In response to:
The Specter Haunting the Senate from the September 30, 2010 issue
To the Editors:
Michael Tomasky, in “The Specter Haunting the Senate” [NYR, September 30], repeats the conventional, misguided, self-defeating notion that the Senate cannot do anything significant without sixty votes to invoke cloture on threatened filibusters. To the contrary, perhaps the most significant action the Senate majority might now take is to call the Republicans’ bluff and let them go forward with a filibuster.
Please note: if Democrats had insisted on real filibusters at several junctures during the recent years they have been in the majority, instead of giving in after failing to round up cloture votes beforehand, Republicans would have been forced to display—in public on the floor of the Senate—their obstruction to Medicare financing, as well as to funding to combat AIDs, malaria, and tuberculosis, among other issues. Harry Reid had cots brought into the Senate for an all-night session in July 2007, when Republicans started to filibuster the Iraq pullout bill, but he caved when the first cloture vote was lost.
In 1964, segregationist senators held up Senate business for fifty-seven days, filibustering against the Civil Rights Act. The filibuster revealed to America the mindset of the obstructionists and paved the way for successful actual cloture and passage of the act. The civil rights filibuster educated people about historic struggle and landmark legislation.

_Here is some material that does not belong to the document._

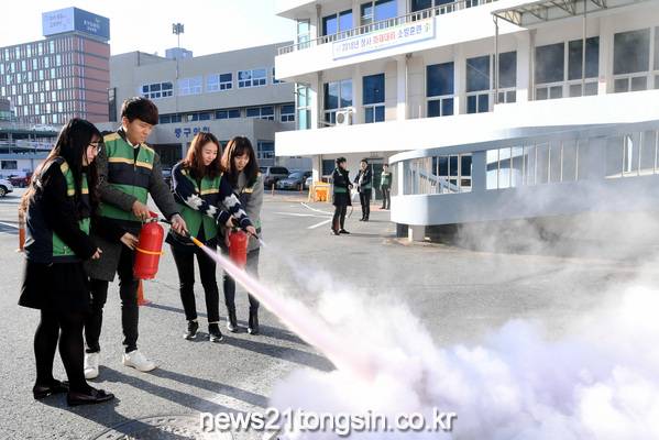 소방훈련 뒤에는 훈련을 함께한 부사119안전센터 구급대원의 화재 대응과 자위소방대 임무 안내 교육도 함께 열려 소방안전 의식을 다 시 한번 일깨우는 계기가 됐다.

What is the reluctance of the Democratic majority to call the bluff of Republicans and force them to follow through on threatened filibusters? Tomasky suggests time-wasting and “polarization.” But it is also cowardice, ineptness, and laziness.

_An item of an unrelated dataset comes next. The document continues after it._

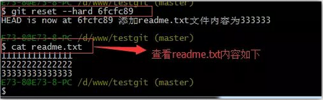 我们看到 增加333333 内容我们没有看到了,但是现在我想回退到最新的版本,如:有333333的内容要如何恢复呢?我们可以通过版本号回退,使用命令方法如下: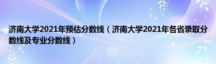 大家好,小高來為大家解答以上問題。濟(jì)南大學(xué)2021年預(yù)估分?jǐn)?shù)線,濟(jì)南大學(xué)2021年各省錄取分?jǐn)?shù)線及專業(yè)分?jǐn)?shù)線很多人還不知道,現(xiàn)在讓我們一起來看看吧!

Rounding up cloture votes to forestall a filibuster is not the same as actually tackling a filibuster. It is “filibuster lite” and the cloture vote becomes a virtual vote, empowering the minority rather than overwhelming it. As a result, Congress becomes ever more opaque and Americans ever more suspicious of the legislative process, deeply endangering what is left of democratic government.
Michael Tomasky replies:
Mr. D’Errico makes a worthwhile argument, one that has been much debated in Washington over the past two years. He might be right that had Democrats forced Republicans to mount full-blown filibusters, the Republicans would have been exposed to public rebuke or ridicule, at least in some instances. However, once an actual filibuster is undertaken, the fight becomes largely a public relations one, in which the side with the cannier talking points and better party unity would usually be more likely to prevail. Counting on the Democrats to outdo the Republicans in those departments seems a tenuous hope.